Before comparing juices and smoothies, let's remember that there is nothing better than fresh, seasonal fruit. Whole fruits are rich in fiber, vitamins, minerals and other nutrients in their most natural and beneficial form. The dietary fiber present in fresh fruit promotes good digestion, regulates blood sugar levels and provides a feeling of satiety. Fruits also contain a high amount of water, which helps keep your body hydrated. But if you sometimes struggle to eat whole fruit, or enjoy a sugary drink every now and then, here's what you need to know.
Fruit juice, a dose of energy
Juices are made by squeezing or centrifuging fruit to extract the liquid. The texture of fruit juices is fluid and light. Fruit juices mainly contain vitamins, minerals and natural sugars from the fruit. However, their fiber content is very low due to the removal of the fruit pulp.

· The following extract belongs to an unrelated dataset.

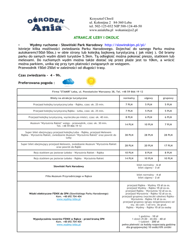 Krzysztof Chwil ul. Kolonijna 2 84-360 Łeba tel. 502-125-032 NIP 588-124-48-50 www.anialeba.pl [email protected] ATRAKCJE ŁEBY I OKOLIC • Wydmy ruchome – Słowiński Park Narodowy http://slowinskipn.pl/pl/ Istnieje kilka możliwości zwiedzania Parku Narodowego. Dojechać do samego Parku można autokarem(150zł-50os.) w obie strony lub kolejką bajkową turystyczną ( jak niżej ). Od bramy parku do samych wydm dzieli turystów 5.5km. Tą odległość można pokonać pieszo, statkiem lub melexami. Do ruchomych wydm można także dostać się przez plaże jest to 10km, a wrócić można parkiem, unika się przy tym płatności związanych ze wstępem. Przewodnik 150zł-250zł w zależności od długości trasy. Czas zwiedzania - 4 - 9h. Preferowana pogoda : Firma "STAMIR" Łeba, ul. Powstańców Warszawy 38, Tel. +48 59 866 19 12 Bilety na atrakcje turystyczne normalny ulgowy grupowy Przejazd kolejką turystyczną Łeba - Rąbka, czas: ok. 25 min. 7 PLN 5 PLN 5 PLN Przejazd kolejką turystyczną Rąbka - Łeba, czas: ok. 25 min. 7 PLN 5 PLN 5 PLN Przejazd kolejką turystyczną, wycieczka po mieści, czas: ok. 40 min. 8 PLN 6 PLN 6 PLN Muzeum "Wyrzutnia Rakiet" wstęp - przewodnik, czas: ok. 30 min. Tel. +48 59 866 19 12 14 PLN 10 PLN 7 PLN Super bilet obejmujący przejazd kolejką Łeba - Rąbka, przejazd Melexem Rąbka - Wyrzutnia Rakiet, zwiedzanie Muzeum "Wyrzutnia Rakiet" oraz powrót do Łeby 38 PLN 28 PLN 28 PLN Super bilet obejmujący przejazd Melexem, zwiedzanie Muzeum "Wyrzutnia Rakiet oraz powrót do Rąbki 28 PLN 20 PLN 17 PLN Rejs statkiem po jeziorze Łebsko - Wyrzutnia Rakiet - Rąbka 10 PLN 8 PLN 8 PLN Rejs statkiem po jeziorze Łebsko - Rąbka – Wyrzutnia Rakiet 14 PLN 10 PLN 10 PLN Słowiński Park Narodowy bilet normalny - 6 zł bilet ulgowy - 3 zł Filia Muzeum Przyrodniczego w Rąbce bilet normalny - 4 zł bilet ulgowy - 2 zł Wózki elektryczne FENIX do SPN (Słowińskiego Parku Narodowego) Kom. +48 692 704 404 www.wydmy-leba.pl przejazd Rąbka - Wydmy 15 zł za os. przejazd Wydmy - Rąbka 15 zł za os. przejazd Rąbka - Wyrzutnia 12 zł za os. przejazd Wyrzutnia - Rąbka 12 zł za os. przejazd grupowy (wycieczki szkolne) Rąbka Wyrzutnia - Rąbka 12 zł za os. przejazd grupowy (grupy zorganizowane) od sty. do czer. i od wrz. do grud. Rąbka - Wydmy - Rąbka 15 zł za osobę Wypożyczalnia rowerów FENIX w Rąbce - przed bramą SPN Kom. +48 692 704 404 www.wydmy-leba.pl 1 godzina - 10 zł 1 dzień (9.00 - 20.00) - 40 zł 1 tydzień - 200 zł pełna płatność za każdą rozpoczętą godzinę dla grup(powyżej 10 osób)10% zniżki • Latarnia morska Stilo tel. +48 58 676 33 06 Odległość od Łeby 12 km Przejazd autokarem w obie strony – 300zł/50os. Czynne: V, VI, IX w godz. 10:00 - 13:00, 14:00 - 17:00 VII, VIII w godz. 10:00 - 14:00, 15:00 - 19:00 Cennik: bilet normalny - 6 zł bilet szkolny - 4 zł Dzieci do lat 4 - gratis Czas zwiedzania - 2 - 3h. Preferowana pogoda : • Park Jurajski – www.lebapark.pl Park Dinozaurów w Łebie to 20ha świat zabawy dla całej rodziny, wspaniałe trasy pełne przygód i atrakcji, mnóstwo świetnej rozrywki. W czasie zwiedzania każdy z rodziców będzie miał niepowtarzalną możliwość obserwowania pociechy w sytuacjach nowych, nie odkrytych, pełnych żywiołowych reakcji. Największe pole do mini golfa w Polsce, Edukacyjna Gra Terenowa Indiana Jones, Dinozaurowe rzemiosło, mistrzostwa Parku w płukaniu złota. Czas zwiedzania - 4 - 6h Preferowana pogoda : Czynne: 23-29.04. w godz. 9.00-17.00 30.04.-03.05. w godz. 9.00-18.00 4.05.-24.06. w godz. 9.00-17.00 25.06.-28.08. w godz. 9.00-19.00 29.08.-4.09. w godz. 9.00-17.00 5.09.-2.10. w godz. 9.00-16.00 Park należy opuścić 1,5h po zamknięciu. Cennik: Bilet wstępu normalny – 40zł Bilet wstępu uglowy – 30zł Bilet wstępu grupowy – 19zł (dla grup powyżej 20 dzieci 1/15 gratis) Dzieci do lat 4 gratis • Power Park Łeba - www.powerpark.pl Power Park Łeba to niezwykły park rozrywki - miejsce szaleństw, spotkań, rywalizacji i zabawy. Wszystko mieści się, na obszarze dwóch hektarów różnorodnego terenu, czeka na Państwa wiele atrakcji, m.in.: wspaniały tor gokartowy, park linowy, wielki skok wahadłowy, pole do gry w paintball, tor off-road, kids park oraz strzelnicę i zaplecze gastronomiczne. Czas zwiedzania - nawet cały dzień Preferowana pogoda : Czynne: w godz. 10.00 - 22.00 • Wystawa motyli - www.muzeummotyli.pl Około 6 tysięcy spreparowanych motyli i owadów z całego świata. Czynne: Maj - Czerwiec: 10:00 - 18:00 Lipiec - Sierpień: 10:00 - 20:00 Wrzesień: 10:00 - 18:00 Cennik: normalny - 9 zł ulgowy -7 zł bilet grupowy - 6 zł (powyżej 10 osób) Opiekunowie grupy gratis Czas zwiedzania - 2 - 3h. Preferowana pogoda : • Ruiny kościoła z XIV wieku, kościół z 1682 roku ul. Turystyczna Czas zwiedzania - 0,5h. Preferowana pogoda : • Kino "Rybak" ul. Morska 1 i Kino 7 D max - ul. Morska 2 http://www.kino7dmax.pl/pl/leba Repertuar dostępny na stronie internetowej kina www.kinorybak.eu Preferowana pogoda : • Stadnina koni w Nowęcinie - www.stajniasenny.pl W naszej stadninie czeka na Państwa 30 koni, 3 kuce oraz nocleg. Wychodząc naprzeciw oczekiwaniom naszych klientów przewidujemy możliwość przyjazdu z własnym koniem. Dysponujemy dziesięcioma boksami do wynajęcia. Preferowana pogoda : Stadnina Koni MACIUKIEWICZ - www.nowecin.com.pl ul. św. Huberta 4 NOWĘCIN(2 km. od Łeby) Tel. +48 59 866 18 74, +48 59 866 10 75 (biuro w sezonie letnim) Przez cały rok (codziennie) w godzinach 8:00-13:00 i 15:00-20:00 Cennik: 0,5 godz. jazdy na ujeżdżalni - 30 zł 1 godz. jazdy na ujeżdżalni - 50 zł 2 godz. jazdy nad morzem - 100 zł 1 godz. jazdy wozem taborowym - 160 zł lekcja jazdy na lonży (15 min) - 30 zł cykl nauki jazdy na lonży dla 1 osoby (3x) - 75 zł oprowadzanie na koniu lub kucu (runda) - 5 zł za osobę (grupy powyżej 20 osób - 4 zł za osobę) trening indywidualny (dla 2 osób 80 zł od osoby) - 100 z

Juices also have a high concentration of sugars, which causes a rapid increase in blood sugar, but also an almost instantaneous boost of energy.
Smoothies, filling and varied
Smoothies, for their part, are prepared by mixing whole fruits with liquids such as water, animal milk, plant milks or even yogurt. You can also add other ingredients such as vegetables, aromatic herbs, seeds, flax or chia for example, or even oilseeds, such as almonds or walnuts. Unlike juice, smoothies are thick and creamy, thanks to the presence of fruit (and vegetable) pulp and fiber. Smoothies therefore retain all the fiber, which supports good digestion and provides a more lasting feeling of satiety. They are also more nutritious due to the variety of added ingredients and offer a wider range of vitamins and minerals.
To summarize, if you are looking for a dose of sugar, rapid absorption of vitamins and minerals with few calories, juices are a good option. On the other hand, if you want a more complete nutritional intake, smoothies are more suitable. It is entirely possible to include both in your diet to reap the benefits of each. Always in moderation of course!